EXERCISE MATERIAL:
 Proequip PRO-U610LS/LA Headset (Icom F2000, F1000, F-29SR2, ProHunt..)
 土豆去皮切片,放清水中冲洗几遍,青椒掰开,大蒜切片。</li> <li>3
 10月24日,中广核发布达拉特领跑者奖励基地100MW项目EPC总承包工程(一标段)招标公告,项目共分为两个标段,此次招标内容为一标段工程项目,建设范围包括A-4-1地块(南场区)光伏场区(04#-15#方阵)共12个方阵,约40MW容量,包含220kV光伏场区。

==

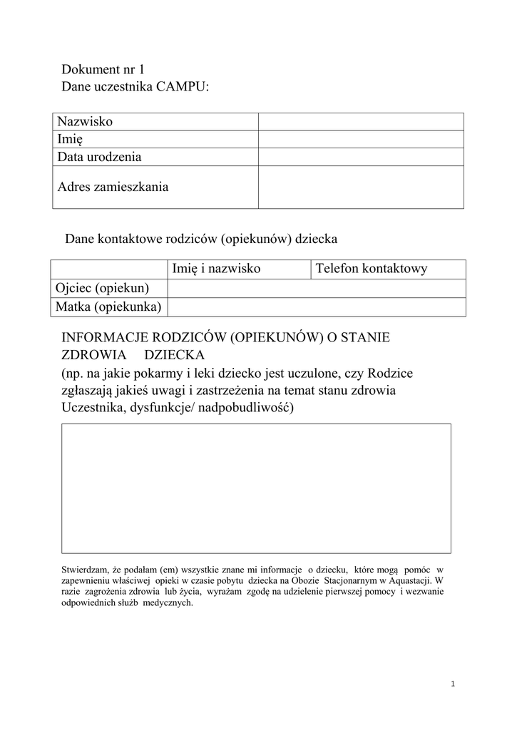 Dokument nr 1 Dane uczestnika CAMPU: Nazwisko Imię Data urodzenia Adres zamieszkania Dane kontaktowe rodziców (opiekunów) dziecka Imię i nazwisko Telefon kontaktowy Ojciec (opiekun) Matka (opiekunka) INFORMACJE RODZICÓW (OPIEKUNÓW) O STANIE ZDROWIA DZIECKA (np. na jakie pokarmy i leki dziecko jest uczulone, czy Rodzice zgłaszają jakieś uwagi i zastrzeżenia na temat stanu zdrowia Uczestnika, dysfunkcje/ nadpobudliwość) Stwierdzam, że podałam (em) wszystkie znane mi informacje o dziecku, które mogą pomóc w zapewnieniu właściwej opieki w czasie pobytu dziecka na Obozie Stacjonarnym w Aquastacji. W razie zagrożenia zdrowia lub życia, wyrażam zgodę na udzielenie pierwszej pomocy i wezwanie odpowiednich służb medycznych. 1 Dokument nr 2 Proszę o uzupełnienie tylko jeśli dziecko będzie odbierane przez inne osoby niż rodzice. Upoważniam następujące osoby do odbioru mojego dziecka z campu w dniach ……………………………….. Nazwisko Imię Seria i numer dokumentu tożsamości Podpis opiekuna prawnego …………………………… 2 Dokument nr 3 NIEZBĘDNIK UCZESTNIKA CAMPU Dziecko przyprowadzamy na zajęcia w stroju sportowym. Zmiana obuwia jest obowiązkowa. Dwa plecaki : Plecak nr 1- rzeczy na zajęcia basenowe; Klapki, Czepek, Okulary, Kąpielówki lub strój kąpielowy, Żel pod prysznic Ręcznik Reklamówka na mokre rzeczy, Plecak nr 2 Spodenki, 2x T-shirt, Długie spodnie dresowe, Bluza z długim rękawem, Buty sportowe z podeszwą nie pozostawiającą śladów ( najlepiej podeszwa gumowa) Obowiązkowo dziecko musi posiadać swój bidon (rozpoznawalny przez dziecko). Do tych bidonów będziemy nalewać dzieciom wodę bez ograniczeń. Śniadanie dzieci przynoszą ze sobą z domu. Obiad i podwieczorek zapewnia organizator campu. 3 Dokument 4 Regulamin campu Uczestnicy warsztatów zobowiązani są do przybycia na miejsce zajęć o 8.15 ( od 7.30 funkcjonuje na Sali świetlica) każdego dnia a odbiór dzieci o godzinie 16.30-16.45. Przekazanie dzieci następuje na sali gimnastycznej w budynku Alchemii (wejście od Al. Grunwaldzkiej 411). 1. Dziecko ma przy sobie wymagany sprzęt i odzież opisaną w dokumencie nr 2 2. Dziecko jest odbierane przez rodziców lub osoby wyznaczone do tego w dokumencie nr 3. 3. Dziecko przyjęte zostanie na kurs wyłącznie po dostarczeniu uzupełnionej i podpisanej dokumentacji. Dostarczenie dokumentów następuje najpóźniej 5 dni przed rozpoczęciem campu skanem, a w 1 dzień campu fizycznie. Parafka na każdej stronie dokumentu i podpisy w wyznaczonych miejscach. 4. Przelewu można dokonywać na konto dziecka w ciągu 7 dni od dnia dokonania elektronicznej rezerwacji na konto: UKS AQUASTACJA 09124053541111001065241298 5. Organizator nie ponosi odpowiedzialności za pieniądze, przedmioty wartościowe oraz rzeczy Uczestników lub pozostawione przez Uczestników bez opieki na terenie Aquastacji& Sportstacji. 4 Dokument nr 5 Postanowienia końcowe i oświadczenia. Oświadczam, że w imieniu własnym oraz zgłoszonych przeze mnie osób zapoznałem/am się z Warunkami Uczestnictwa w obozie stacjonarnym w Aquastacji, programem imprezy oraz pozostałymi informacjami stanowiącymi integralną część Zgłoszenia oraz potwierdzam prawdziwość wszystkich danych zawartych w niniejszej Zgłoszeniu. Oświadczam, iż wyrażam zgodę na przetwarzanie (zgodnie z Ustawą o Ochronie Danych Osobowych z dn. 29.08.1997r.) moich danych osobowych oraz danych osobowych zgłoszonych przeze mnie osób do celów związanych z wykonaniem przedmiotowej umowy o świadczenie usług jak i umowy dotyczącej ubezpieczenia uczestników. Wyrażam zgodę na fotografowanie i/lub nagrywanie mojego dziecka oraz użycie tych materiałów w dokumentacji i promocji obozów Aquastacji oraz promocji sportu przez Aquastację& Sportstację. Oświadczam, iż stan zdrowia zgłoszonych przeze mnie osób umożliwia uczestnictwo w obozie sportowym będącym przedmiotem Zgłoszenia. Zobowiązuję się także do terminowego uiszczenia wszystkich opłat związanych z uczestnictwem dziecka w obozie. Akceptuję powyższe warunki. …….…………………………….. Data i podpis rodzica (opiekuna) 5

WHAT TO WORK ON:
An exact copy of the lines above, from the one containing "土豆去皮切片,放清水中冲洗几遍,青椒掰开,大蒜切片。</li> <li>3" down to the one containing "10月24日,中广核发布达拉" and including both, is the whole answer; retype it and nothing else.

RESPONSE:
 土豆去皮切片,放清水中冲洗几遍,青椒掰开,大蒜切片。</li> <li>3
 10月24日,中广核发布达拉特领跑者奖励基地100MW项目EPC总承包工程(一标段)招标公告,项目共分为两个标段,此次招标内容为一标段工程项目,建设范围包括A-4-1地块(南场区)光伏场区(04#-15#方阵)共12个方阵,约40MW容量,包含220kV光伏场区。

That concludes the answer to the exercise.